Logos01 comments on Why would an AI try to figure out its goals?

Logos01 10 Nov 2011 11:29 UTC
−2 points
Most of what’s currently published at major AI research conferences describes systems that don’t have any such systematic characterization. Suppose we built a super-duper Watson

… I think we’re having a major breakdown of communication because to my understanding Watson does exactly what you just claimed no AI at research conferences is doing.

Before you quibble about whether that’s the kind of system we’re talking about—I haven’t seen a good definition of “self-improving” program, and I suspect it is not at all straightforward to define.

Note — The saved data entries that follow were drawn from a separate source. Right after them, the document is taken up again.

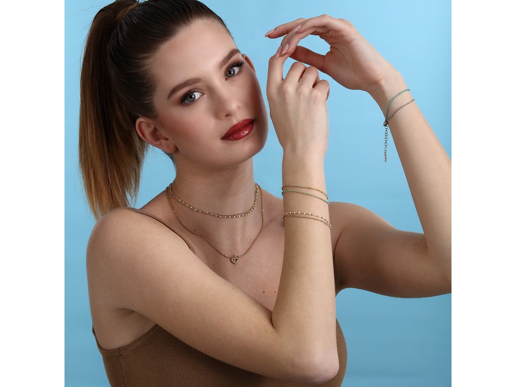 Díky použití nerezové oceli se jedná o šperk, který odolá času i každodennímu nošení. Navíc je hypoalergenní a příjemný na dotek. Zlaté provedení a krystaly mu dodávají špetku třpytu.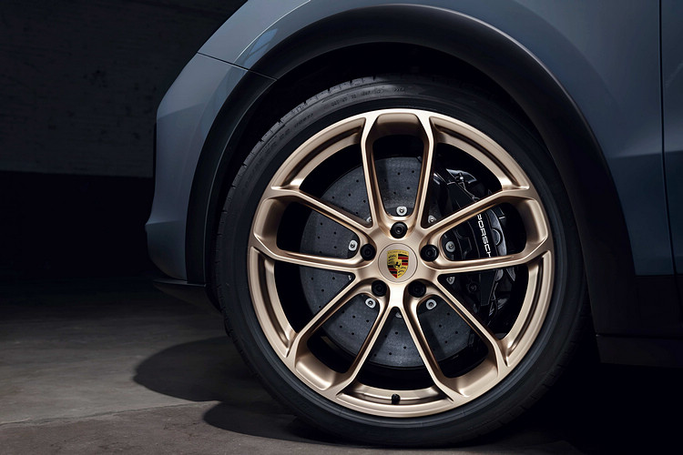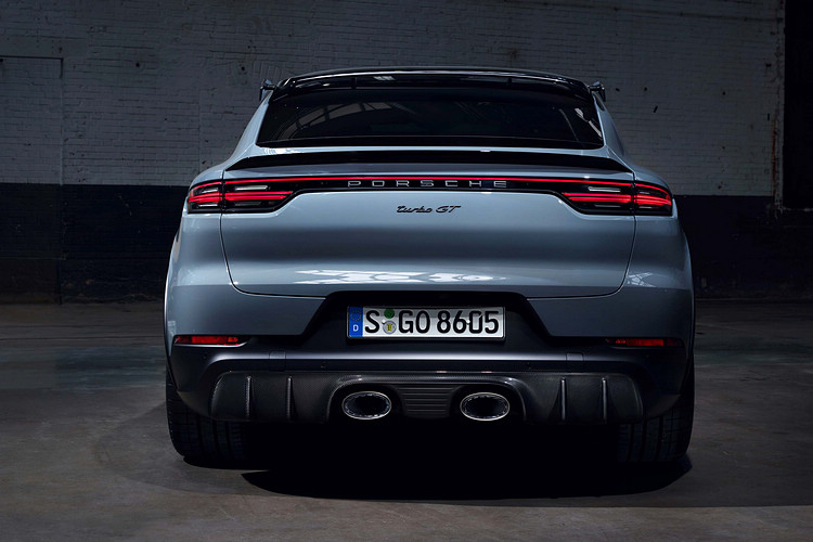 Cayenne Turbo GT配置專屬的前保險桿、外觀醒目的前擾流板,以及擴大的側邊冷卻進氣孔。碳纖維形塑出的車頂輪廓,霧面黑色輪拱造型搭配22吋 GT Design輪圈施以釹銀色烤漆。同樣是GT專屬的還有縱向安裝於車頂擾流板上的碳纖維側板,後擾流尾翼尺寸亦較Turbo車款搭增加25mm,這樣的設計足以讓車輛於極速行駛時,再增加達40kg下壓力,而碳纖維製成的後下擾流板也增添車尾的跑格。
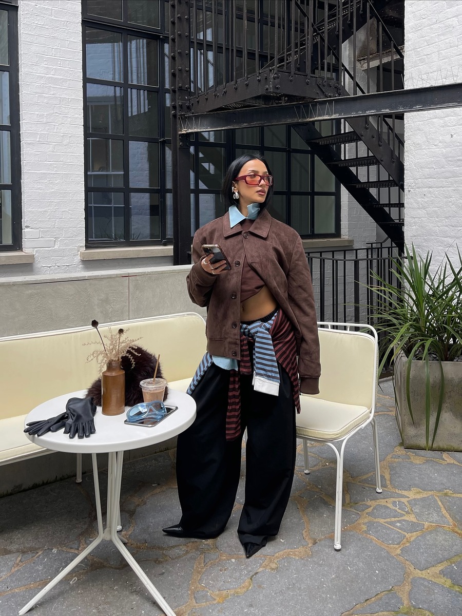 패턴 아이템을 더해 보는 것도 좋은 선택이에요. 볼륨감 있는 블랙 슬랙스 위로 스트라이프 톱을 묶어 주면 세련된 주말 나들이 룩이 완성됩니다. 볼드한 이어링과 틴티드 선글라스까지 더해주면 트렌디한 무드를 더할 수 있고요. 슬랙스의 포멀한 무드에 스트라이프의 경쾌함이 더해져 균형잡힌 스타일링을 연출할 수 있을 거예요.

I’m sure. But there’s a few generally sound assertions we can make:
1. To be self-improving the machine must be able to examine its own code / be “metacognitive.”
2. To be self-improving the machine must be able to produce a target state.
From these two the notion of value fixation in such an AI would become trivial. Even if that version of the AI would have man-made value-fixation, what about the AI it itself codes? If the AI were actually smarter than us, that wouldn’t exactly be the safest route to take. Even Asimov’s Three Laws yielded a Zeroth Law.

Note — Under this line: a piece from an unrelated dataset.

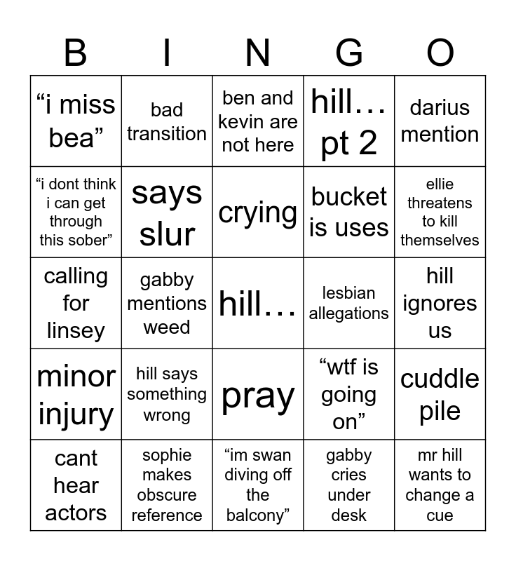 This bingo card has 1 images, a free space and 30 words: “im swan diving off the balcony”, miss cue, gabby mentions weed, “i miss bea”, ben and kevin are not here, says slur, “wtf is going on”, lesbian allegations, gabby cries under desk, hill ignores us, mr hill wants to change a cue, oscar mention, snack break, ellie threatens to kill themselves, uno, cuddle pile, hill says something wrong, minor injury, pray, darius mention, choking emote, cant hear actors, bad transition, bucket is uses, “i dont think i can get through this sober”, hill…pt 2, calling for linsey, sophie makes obscure reference, crying and “im so don rn “.
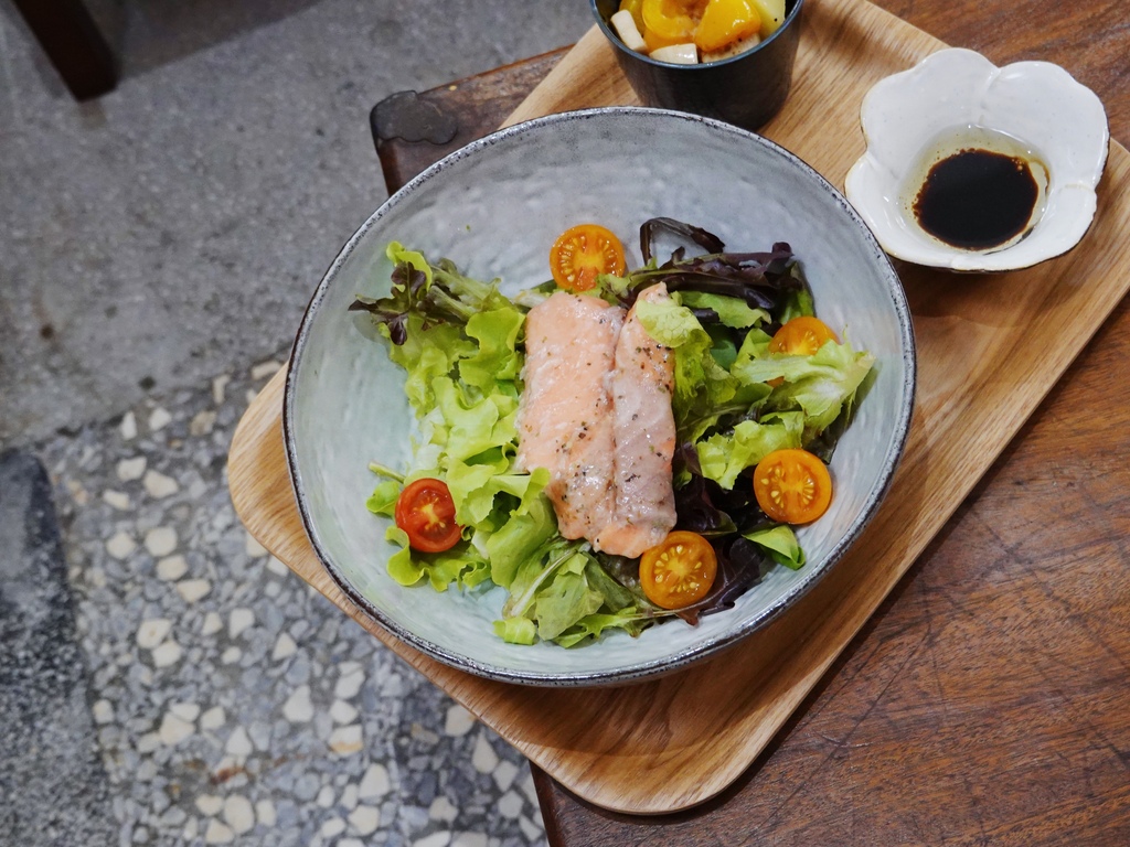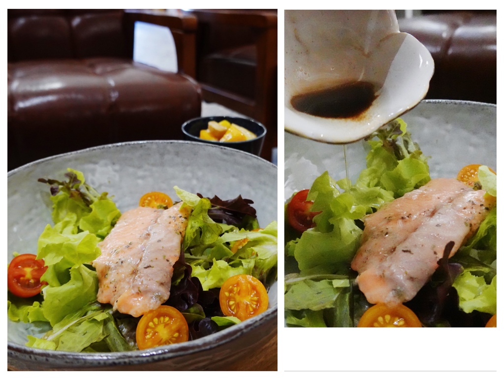 醬汁有優格醬還有油醋醬可供選擇,沙拉部分很新鮮爽脆,舒肥鮭魚有種半熟煙燻感,肥厚油脂為平凡的生菜增添不少風味。

Expecting an AI to tinker with its goals for a while, and then stop,
1. Don’t anthropomorphize. :)
2. If you’ll recall from my description, I have no such expectation. Instead, I spoke of recursive refinement causing apparent fixation in the form of “gravity” or “stickiness” towards a specific set of values.
Why is this unlike how humans normally are? Well, we don’t have much access to our own actual values.